The study, which was published in JAMA Psychiatry, analyzed data from 1,037 participants from New Zealand. The researchers followed the participants from birth until the age of 38, and looked at whether marijuana use from age 18 to 38 had an impact on indicators of physical health, such as lung function, glucose control, blood pressure, systemic inflammation, waist circumference, HDL cholesterol, triglycerides and body mass index (BMI).

Researchers discovered that those who used marijuana over the last 20 years only reported teeth problems.

At age 38, those who smoked pot had worse periodontal health that those who did not, and no other health problems seemed to surface.

"We don't want people to think, 'Hey, marijuana can't hurt me,' because other studies on this same sample of New Zealanders have shown that marijuana use is associated with increased risk of psychotic illness, IQ decline and downward socioeconomic mobility," Madeline Meier, lead author of the study and assistant professor of psychology at Arizona State University, said in a report published in ZME Science.

However, tobacco use was linked to many physical health problems, such as worse lung function, more inflammation and poor metabolic health.

According to the researchers, the study cannot prove whether marijuana causes gum or periodontal disease.
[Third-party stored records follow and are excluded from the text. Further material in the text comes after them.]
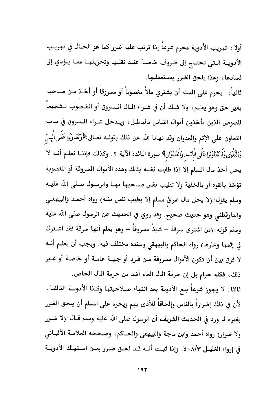ثالثاً: لا يجوز شرعاً بيع الأدوية بعد انتهاء صلاحيتها وكذا الأدوية التالفة، لأن في ذلك إضراراً بالناس وإلحاقاً للأذى بهم ويحرم على المسلم أن يلحق الضرر بغيره لما ورد في الحديث الشريف أن الرسول صلى الله عليه وسلم قال: (لا ضرر ولا ضرار) رواه أحمد وابن ماجة والبيهقي والحاكم، وصححه العلامة الألباني في إرواء الغليل 3/ 408. وإذا ثبت أنه قد لحق ضرر بمن استهلك الأدوية
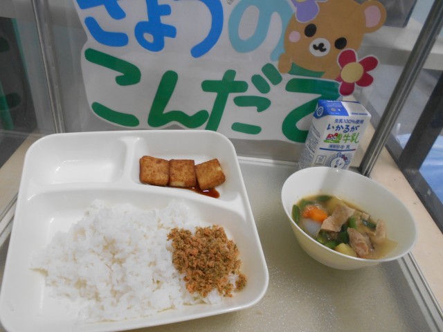 〇4月23日(木) 鶏肉とじゃがいもの煮もの あつあげのしょうゆだれかけ 紅ざけそぼろ ごはん 牛乳
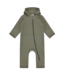 Overall aus weicher, warmer gekochter Wolle mit durchgehender Knopfleiste vom Hals bis zum linken Fuß. Die Ärmel und Beine haben auf der Rückseite eine zusätzliche Stofflage, die umgeschlagen werden kann – beispielsweise können die Füße wie eine Socke umgeschlagen werden. Durch das Kochen wird die Wolle dicht und wasserabweisend. Dieses Produkt wird in der EU hergestellt.
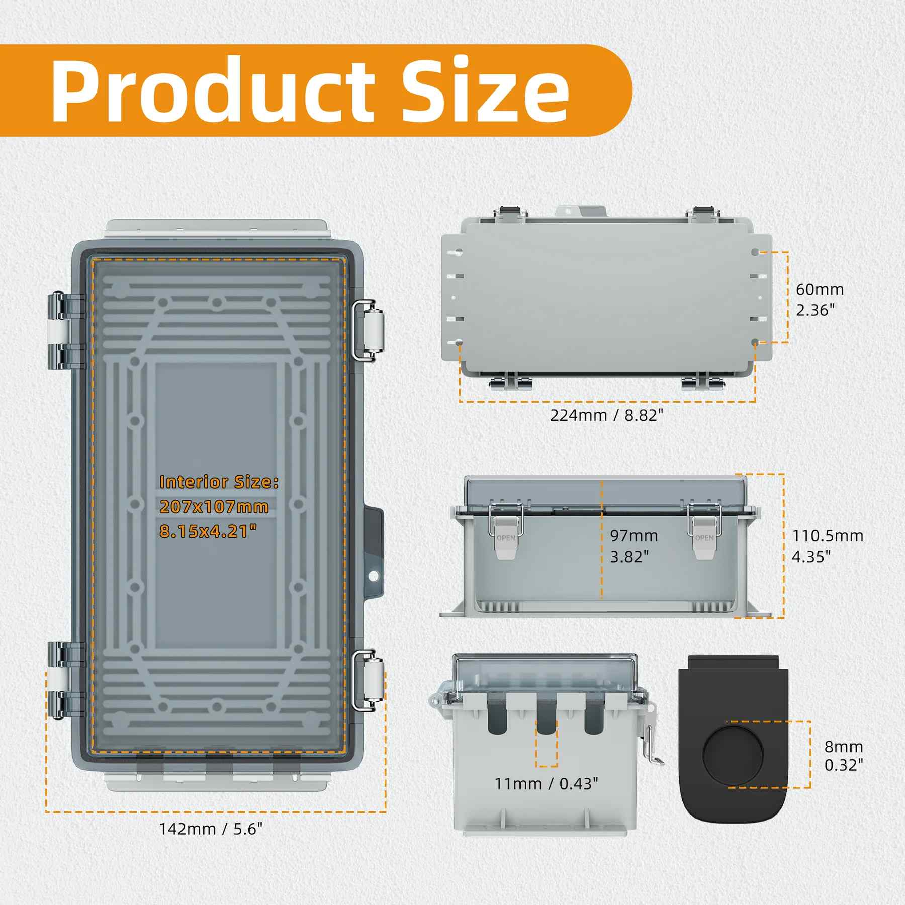 【Zawias przezroczystej osłony】- wytrzymałe plastikowe przedłużacz na zewnątrz maczkową na zawiasach przezroczystą pokrywę, która ułatwia monitorowanie statusu sprzętu elektronicznego w środku. Jego przestronne wewnętrzne wymiary 8,1 „x4,2„ x3,8 ”zapewniają dużą przestrzeń dla różnych urządzeń.
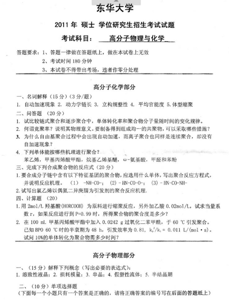 当前位置:考研云分享 专业课真题 2011年东华大学高分子物理及化学考研真题 附件 文件名: 2011年东华大学高分子物理及化学考研真题.docx 大小: 486.00KB 文件类型: .docx 前往下载 附件购买 售价:98 积分 开通会员或更高级的会员可免费下载该文件 您还未登录,请登录后查看资料 登录 东华大学高分子物理及化学 东华大学 高分子物理及化学 免责声明:本站所有的内容均来源于互联网采集或网友投稿提供,不能保证内容的真实性、完整性,仅供个人研究、交流学习使用,不涉及任何商业盈利目的。如果资料有误与官方发布不一致,请与官方最新发布为准,请联系本站管理员予以更改,如果涉及版权等问题,请联系本站管理员予以删除。 维权指引 | 权限说明 | 下载说明 | 内容投诉考研云分享 » 2011年东华大学高分子物理及化学考研真题
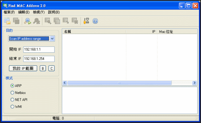 找出區功能變數網路中所有電腦的MAC位址,可以快速搜集區功能變數網路中所有電腦、裝置的工具。

But physicians could still warn their patients that cannabis use may "put them at risk for tooth loss."

The study, however, did not explain why pot was linked to poor dental health. "Our analyses show that this association was not explained by tobacco smoking, alcohol abuse or less tooth brushing and flossing," Meier said.

The researchers also found that marijuana use over time was linked to lower BMI, smaller waist circumference and better HDL cholesterol, which suggests that cannabis may have an effect on a person's metabolism.

"There are definitely health risks associated with heavy marijuana use, but there just aren't as many as we previously thought," Dr. Kevin Hill, marijuana addiction expert and assistant professor of psychiatry at Harvard Medical School, said in a statement published in Time.

"The answers with marijuana aren't exactly what we would have expected them to be, and this is a great example. You need to be willing to change your mind on these issues," Hill added.